Tuesday, 10 February 2015

Nailing the first Labour lie of the general election

Labour has kicked off its 2015 general election campaign with a lie that is so blatant that it has forced me out of my Christmas and New Year hiatus a month earlier than planned. The porkie basically states that a vote for the SNP in May's general election could leave the Tories in power. This is because, says a Labour spokesman: “It is a simple fact that the single biggest party gets to form the next government. The more seats the SNP get from Labour, the more likely it is the Tories will be the biggest party and David Cameron will get into government through the back door.”

In February 1974 the Tories won 297 seats to Labour's 301, but Ted Heath did not resign immediately, he tried to cobble together a coalition with the 14 member Liberal contingent. He was entitled to do that as sitting Prime Minister because it is not about which party is the largest, but about who can command a majority in the House of Commons.

That is why when Labour scored 258 seats to the Tory 306 in 2010, Gordon Brown still tried to hang on in the hope of a coalition with the Liberal-Democrats who had been returned with 57 seats. As with Heath a generation earlier, it was not possible, but nobody in 2010 claimed that Brown had to resign because he had fewer seats than Cameron. His resignation came about because he could not create a majority in the Commons which is not the same thing.

So why are Labour lying? The answer is obviously that they believe that we are so stupid north of the River Tweed that we will believe any old wank that they can come up with, such is the hatred of Toryism in Scotland.
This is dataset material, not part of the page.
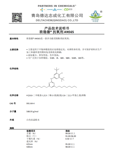 OMNISTAB? AN565就是一款高分子量的多功能受阻酚抗氧劑,具有相容性強(qiáng)、毒性低、色澤污染小的特點(diǎn),且自身兼具主、輔抗氧劑的雙重功效,能產(chǎn)生分子內(nèi)協(xié)同,又能與其他抗氧劑復(fù)配產(chǎn)生共混協(xié)同作用,抗氧化效果好。是多種樹脂優(yōu)良抗氧化劑和光熱穩(wěn)定劑。主要適用于不飽和橡膠的后加工穩(wěn)定處理,能保護(hù)材料在生產(chǎn),加工和最終使用過程中不發(fā)生熱氧化降解。

If Labour can take its Scottish fiefdoms for granted then it can pander for the votes of the South English middle class scrote element and then form a majority government.

In other words, the people who have suffered the most during that past thirty-odd years will get nothing other than a few table scraps, because Labour will have to keep pandering to the scrotes for fear that they will desert back to the Tories at the following election.
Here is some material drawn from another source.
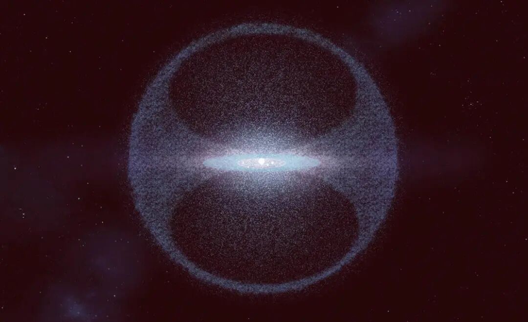 这看上去似乎有点道理,但仔细分析一下,我们就会发现实际情况并非如此。实际上,太阳系是指以太阳为中心,并被太阳引力约束在一起的天体系统,而在其最外层的区域,其实运行着大量的冰质小天体,它们一起组成了一个被称为“奥特星云”的球状结构。

On the other hand, the SNP have already set out their stall for a deal with Labour and none of the items on offer are anything that a traditional Labour man can oppose. End the war on claimants, abolish some of the more loathsome Tory acts such as the bedroom tax, stop the near constant wars against the Islamic world, abolish Trident.

If Labour wants to get its collective snout into the public trough then we should at least ensure that we get something for ourselves out of the deal. A vote lent to the SNP might just ensure that an incoming Labour government has to remember that it isn't just Tristram and Samantha who can dump them: so can Billy and Mary.